Uma só gota do seu Sangue, ensina a Igreja, teria sido suficiente para a
Redenção de todo o género humano. São Tomás exprimiu-o no hino
eucarístico Adoro te devote: Pie pellicane, Iesu Domine, me immundum munda
tuo sanguine... “Bom pelicano, Senhor Jesus! / Limpai-me a mim, imundo, com
o vosso Sangue, / com esse Sangue do qual uma só gota / pode salvar do
pecado o mundo inteiro”. O menor ato de amor de Jesus, na sua infância, na
sua vida de trabalho em Nazaré, tinha um valor infinito para obter para todos os
homens – os passados, os presentes e os que haviam de vir – a graça
santificante, a vida eterna e as ajudas necessárias para se chegar a ela9.

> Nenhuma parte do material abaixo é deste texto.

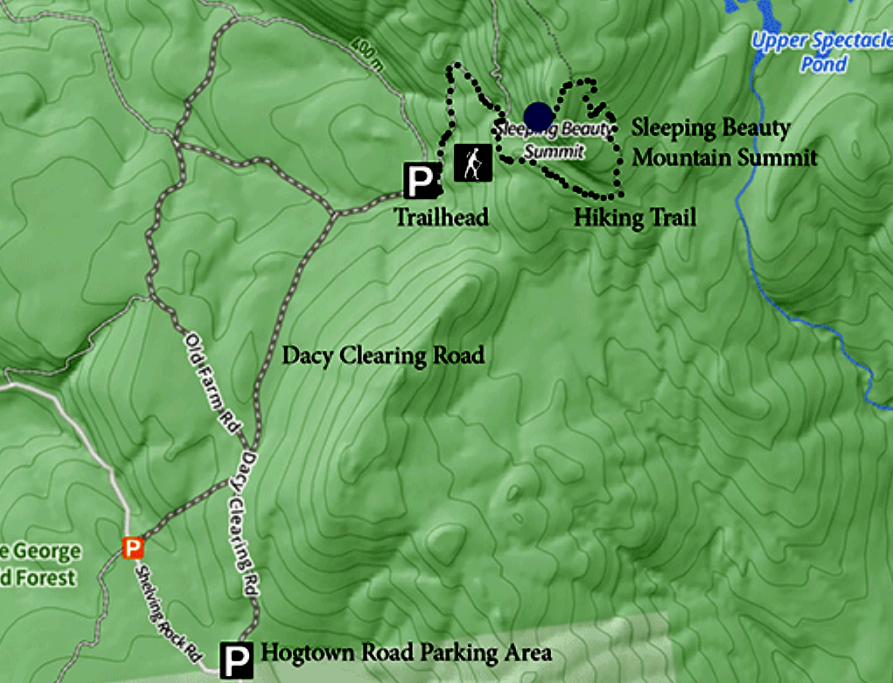 Sleeping Beauty Mountain is a 1.8-mile hike from the Dacy Clearing Road parking lot and trailhead. Sleeping Beauty is located ln public Forest Preserve in the Lake George Wild Forest area on the east side of Lake George in Washington County. This is a short, but rugged and steep hike over the well-worn and heavily eroded trail. At times, the gate at the entrance of Dacy Clearing Road is closed, and hikers need to park at the Hogtown Parking Area, which adds about 3 miles onto the hike’s length.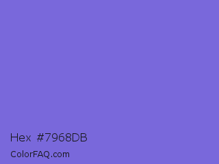 Hex #7968db Color is a light indigo color and the nearest color is Moody Blue #7f76d3. Hex code #7968db and RGB value is rgb(121,104,219). In RGB color space, this color is composed of 47% red, 41% green, 86% blue, In CMYK color space, this color is composed of 45% cyan, 53% magenta, 0% yellow , 14% black , In HSL color space, this color has a hue angle of 249° , 61% saturation and 63% lightness.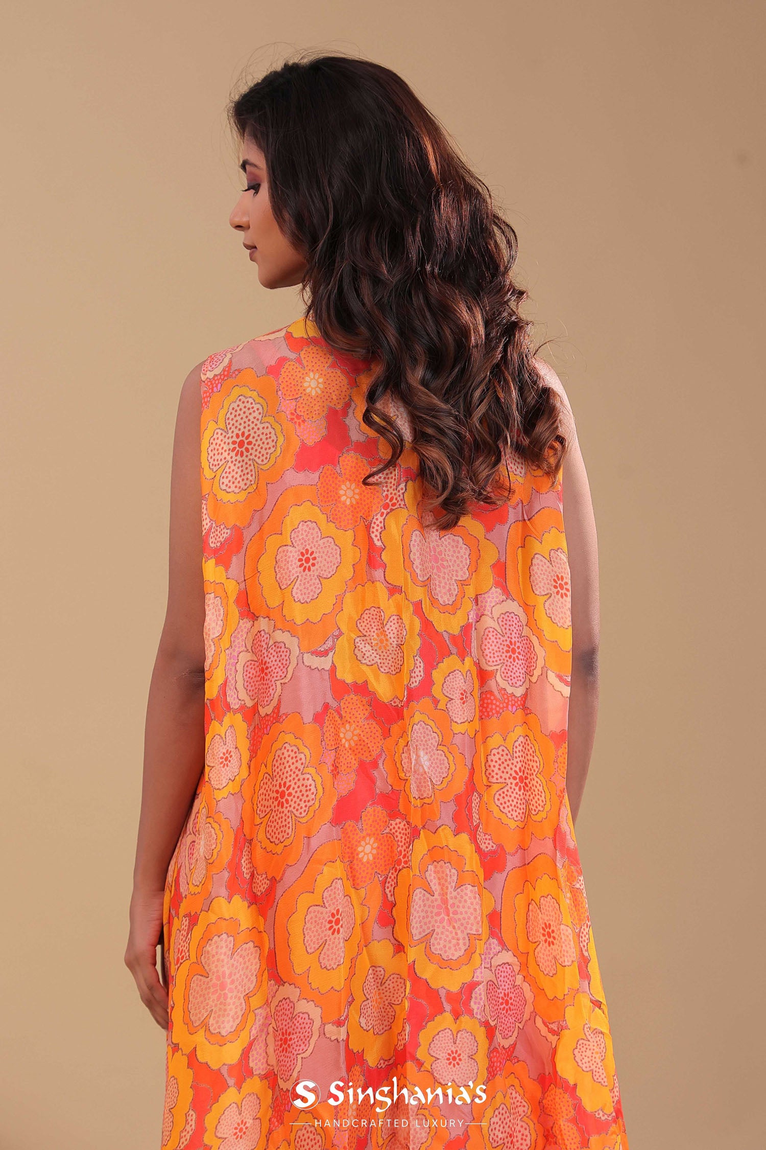 Orange Chinon Crepe Indo-Western Set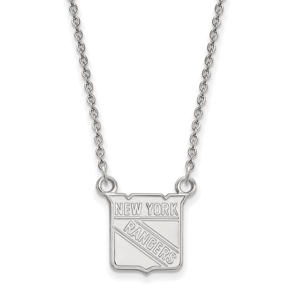 10k White Gold NHL LogoArt New York Rangers Small Pendant 18 inch Necklace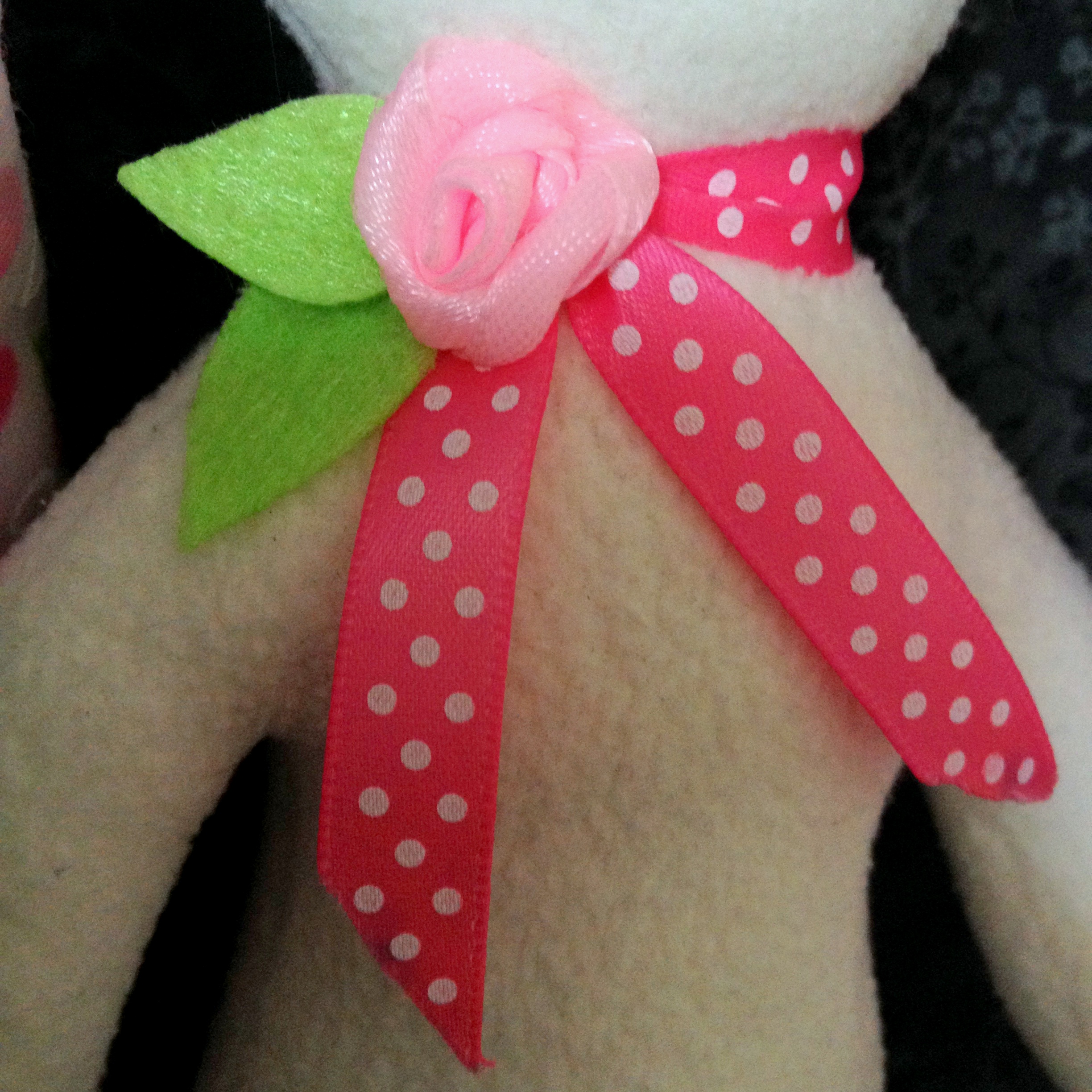 Белый флисовый зайка 21см ростиком с зелеными глазками и бантиком розочкой.

Ninguém como a Virgem, Mãe de Deus e nossa Mãe, participou com tanta
plenitude dos méritos do seu Filho. Pela sua impecabilidade, os seus méritos
foram maiores – até mais estritamente “meritórios” – que os de todas as
demais criaturas, porque, estando imune das concupiscências e de outros
entraves, a sua liberdade era maior, e a liberdade é o princípio radical do
mérito. Foram meritórios todos os sacrifícios e pesares que teve de enfrentar
por ser a Mãe de Deus: desde a pobreza de Belém e a aflição da fuga para o
Egipto até a espada que atravessou o seu coração ao contemplar os
sofrimentos de Jesus na Cruz. E foram meritórias todas as alegrias e
satisfações que lhe causaram a sua imensa fé e o seu amor que tudo
penetrava, pois o que torna meritória uma acção não é a sua dificuldade, mas o
amor com que é feita. “Não é a dificuldade que há em amar o inimigo o que
conta para o seu valor meritório, mas o modo como se manifesta nela a
perfeição do amor, que triunfa sobre essa dificuldade. Assim, pois, se a
caridade fosse tão completa que suprimisse completamente a dificuldade, seria
então mais meritória”10, ensina São Tomás de Aquino. Assim foi a caridade de
Maria.
(1) Cfr. Mt 10, 42; (2) Lc 6, 27-38; (3) Is 65, 23; (4) 1 Cor 3, 8; (5) 2 Cor 5, 10; cfr. Rom 2, 5-6;
(6) Santo Inácio de Antioquia, Epístola a São Policarpo; (7) Jo 1, 16; (8) São João
Crisóstomo, Homilias sobre o Evangelho de São João, 14, 1; (9) cfr. R. Garrigou-Lagrange, El
Salvador, pág. 365; (10) São Tomás, Questões disputadas sobre a caridade, q. 8, ad. 17; (11)
São Josemaría Escrivá, Forja, n. 251; (12) cfr. R. Garrigou-Lagrange, op. cit., pág. 366; (13) 2
Cor 4, 17; (14) cfr. Lc 6, 20-26; (15) São Josemaría Escrivá, Forja, n. 611.